Homosexualidad y derechos civiles

El pasado mes de junio, Nueva York se ha convertido en el sexto Estado de Estados Unidos que reconoce el matrimonio entre dos personas del mismo sexo. Sólo han pasado diez años desde que Holanda se convirtió en el primer país del mundo que equiparó legalmente las uniones homosexuales con el matrimonio entre un hombre y una mujer. Siguieron Bélgica (2003), España y Canadá (2005), Suráfrica (2006), Noruega y Suecia (2009), Portugal, Islandia y Argentina (2010).

Los obispos de Nueva York han emitido un comunicado en el que recuerdan la enseñanza de la Iglesia de que «es necesario tratar a las personas homosexuales con respeto, dignidad y amor», pero al mismo tiempo afirman con firmeza que «el matrimonio es la unión de un hombre y de una mujer, para toda la vida y basada en el amor, unión abierta a los hijos, ordenada al bien de estos niños y de los propios esposos» y que esta definición no puede cambiar. Por este motivo, los obispos exhortan a la sociedad americana a «recuperar lo que parece haber perdido: una verdadera comprensión del significado y del papel del matrimonio».

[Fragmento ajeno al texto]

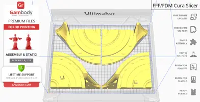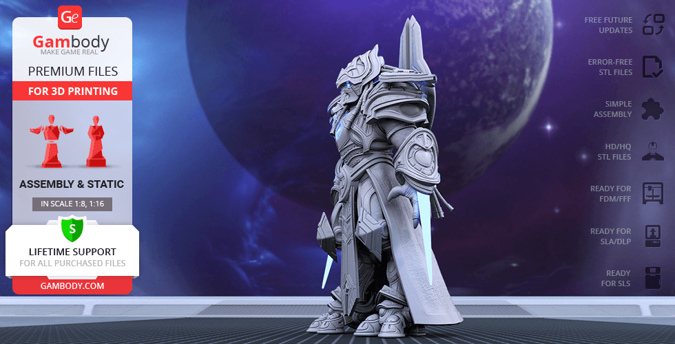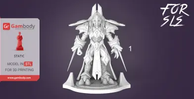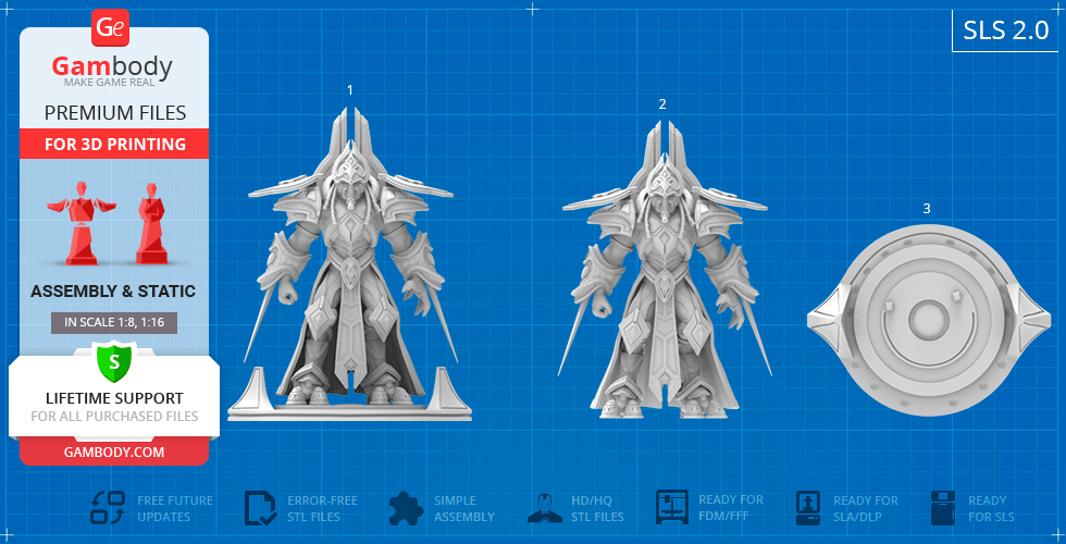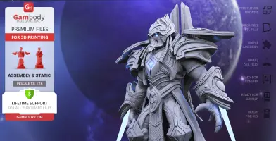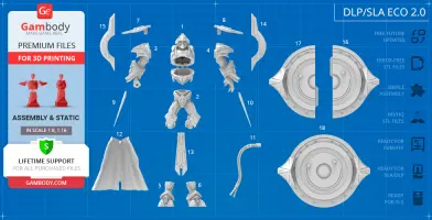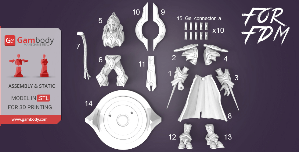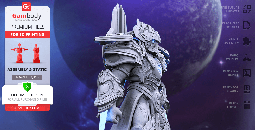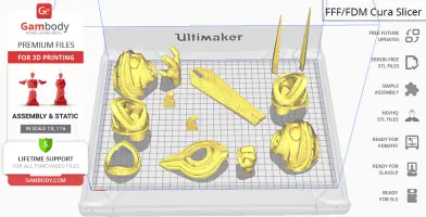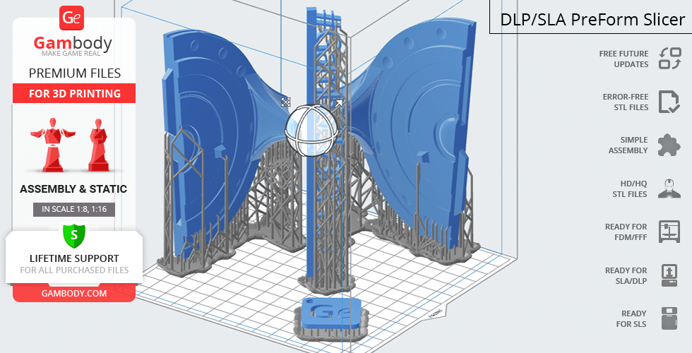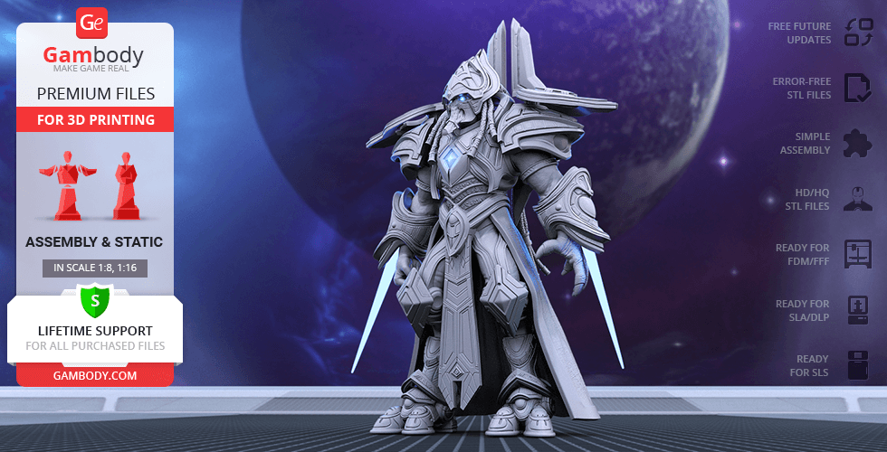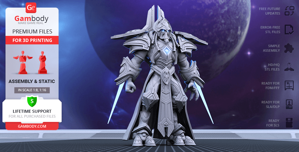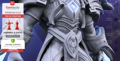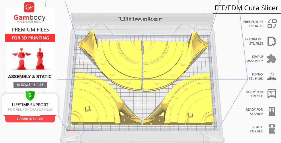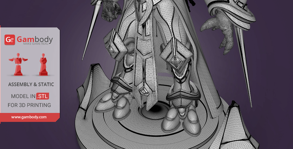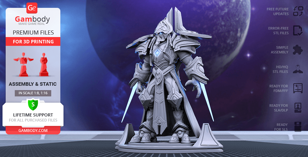 Artanis figurine for 3D printing is a static assembly model and its updating and adaptation for different types of 3D printers took Gambody team 56 hours in total. For all the StarCraft fans to print the cleanest figurine possible the model’s cutting was completely revised, the figurine was divided into assembly parts anew and adapted for different types of 3D printers taking into account the present-day technology advancements. The anatomy and body proportions of hierarch Artanis were thoroughly reviewed during the moderation process for the warrior to be depicted harmoniously in the intended pose. The model’s cutting was chosen by our team to minimise the amount of filament needed for generated support and some of the parts were hollowed out for you in the model’s Eco version to save resin. In order to ensure the smooth 3D printed result, all Artanis’ braided ponytails, the figurine's psi-blades, cloak, pauldrons, knee-caps etc. are now available as separate STL files. All the assembly parts are provided in STL files in recommended positions that were worked out so to ensure the smoothness of the details’ surfaces after printing and that the 3D printing beginners won't face difficulties when placing the parts on a build plate.

Es cierto que las personas homosexuales han sufrido a menudo en el pasado -y también desgraciadamente en el presente sufren en no pocos países del mundo- vejaciones muy dolorosas y discriminaciones injustas a causa de su orientación sexual. Y este fenómeno, así como cualquier otra injusticia, tiene que ser combatido. El propio Catecismo de la Iglesia católica indica que «un número apreciable de hombres y mujeres presentan tendencias homosexuales profundamente arraigadas» y que se debe evitar respecto a ellos «todo signo de discriminación injusta» (n. 2.358). Ahora bien, reconocer los derechos de todos los hombres y mujeres como personas, independientemente de sus características y de sus opciones de vida, no quiere decir que se tenga que nivelar la vida matrimonial y familiar con la convivencia entre dos personas del mismo sexo.

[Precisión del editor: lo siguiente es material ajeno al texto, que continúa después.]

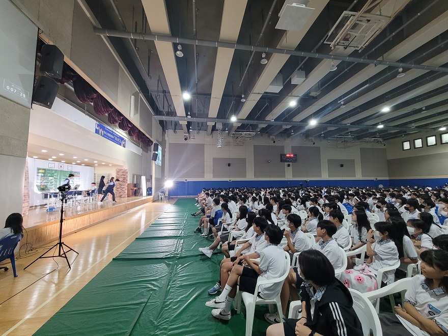 8월 17일(목) 생명나눔실천본부 찾아가는 생명존중교육(문화공연-연극)을 서울 서대문구에 있는 명지중학교에서 진행하였습니다. 학생들이 직접 방관자와 피해자의 역할로 무대에 서보는 참여형 연극으로 연극을 통해 청소년 아이들이 학교에서 흔히 겪을 수 있는 '학교폭력과 따돌림'을 주제로 청소년 생명존중에 대해 배워보는 뜻깊은 시간이었습니다. |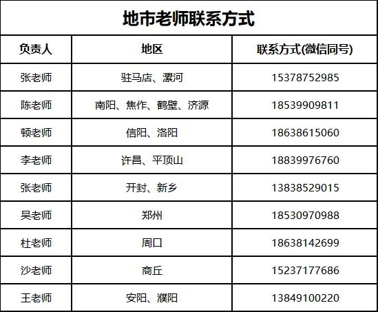 各区域招生咨询老师电话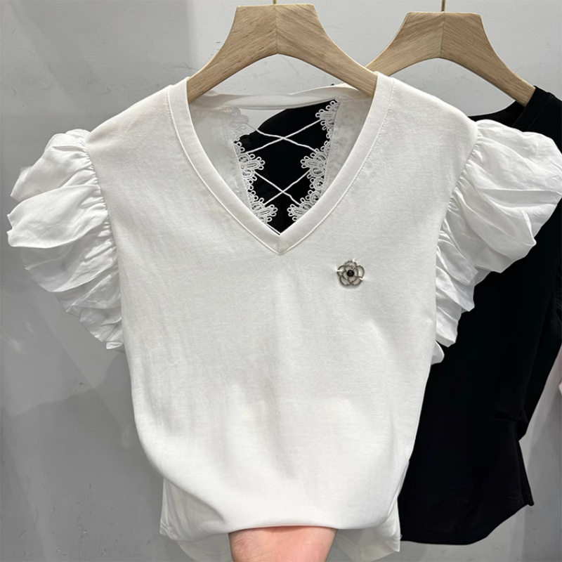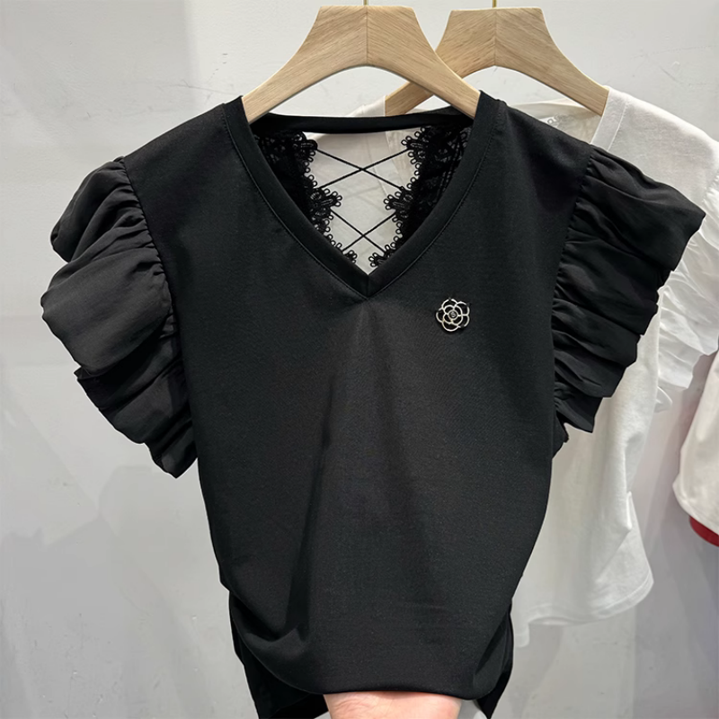 BY14813# 韩版修身短袖t恤女夏装新款后背镂空蕾丝拼接飞飞袖甜美上衣 服裝批發女裝批發服飾貨源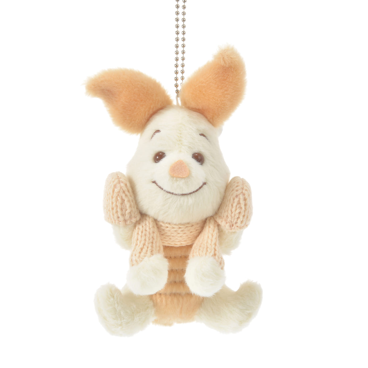 ニッコリ笑顔で頬に手を当てる「ピグレット」のぬいぐるみキーチェーン。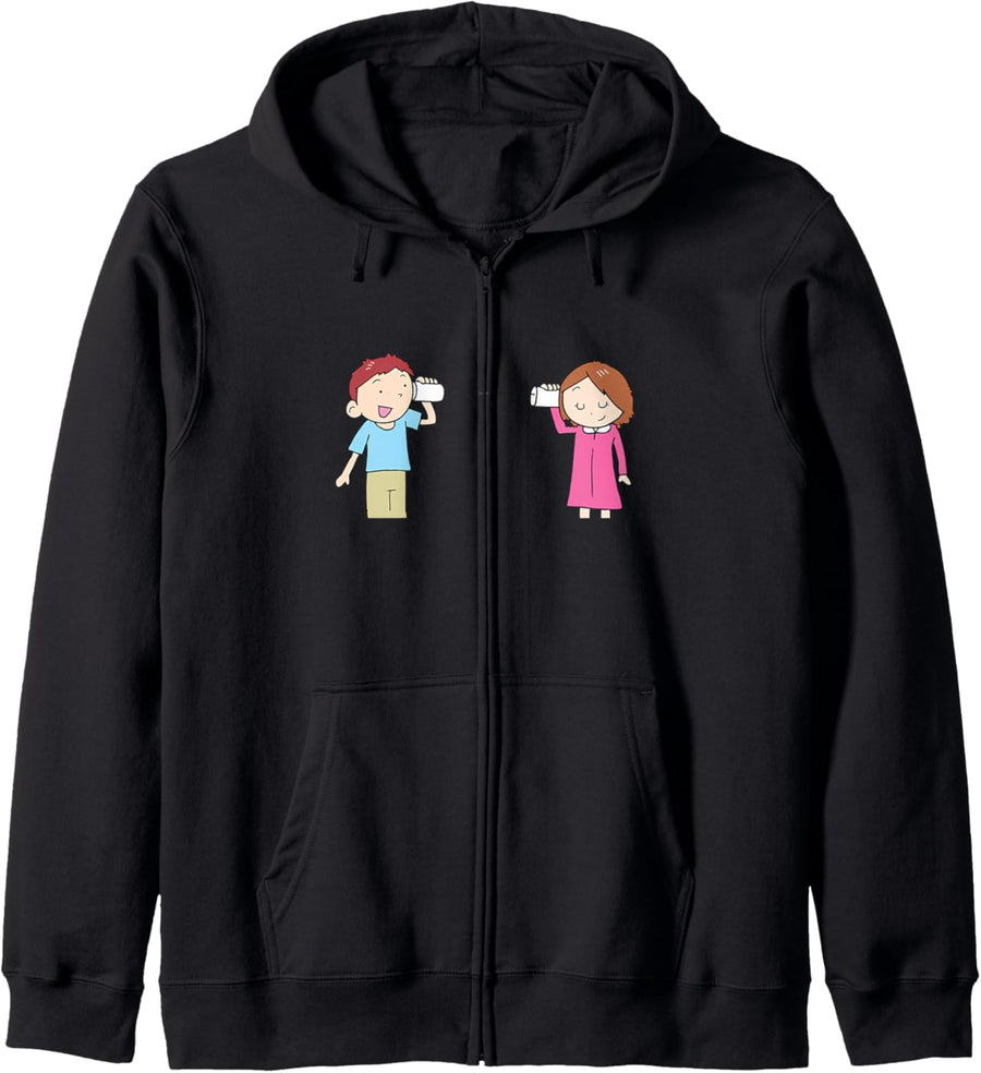 Junge und Mädchen im Gespräch durch eine Dose Telefon Kapuzenjacke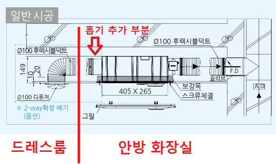 거실화장실과 달리 안방화장실에는 2way 흡기추가형 모델이 시공됐습니다.

El Estado debe garantizar la libertad de los ciudadanos y tiene que regular los deberes y los derechos que comportan las diferentes relaciones sociales que sus ciudadanos mayores de edad quieran libremente establecer. Por tanto, en el contexto occidental actual, no es extraño que los Estados quieran legislar sobre posibles derechos y deberes en las relaciones que personas homosexuales deseen establecer entre ellas de manera estable y pública. Ahora bien, esto no significa que los Estados tengan que promover o favorecer, y mucho menos parificar con el matrimonio, las uniones homosexuales.

El debate está abierto y las sensibilidades son muy diversas. Los cristianos necesitaremos encontrar nuevos caminos, con un lenguaje inteligente y amable, para ayudar a nuestras sociedades a redimensionar la problemática y para impulsar a los Estados a sostener la familia y el compromiso de todos ellos hacia ella.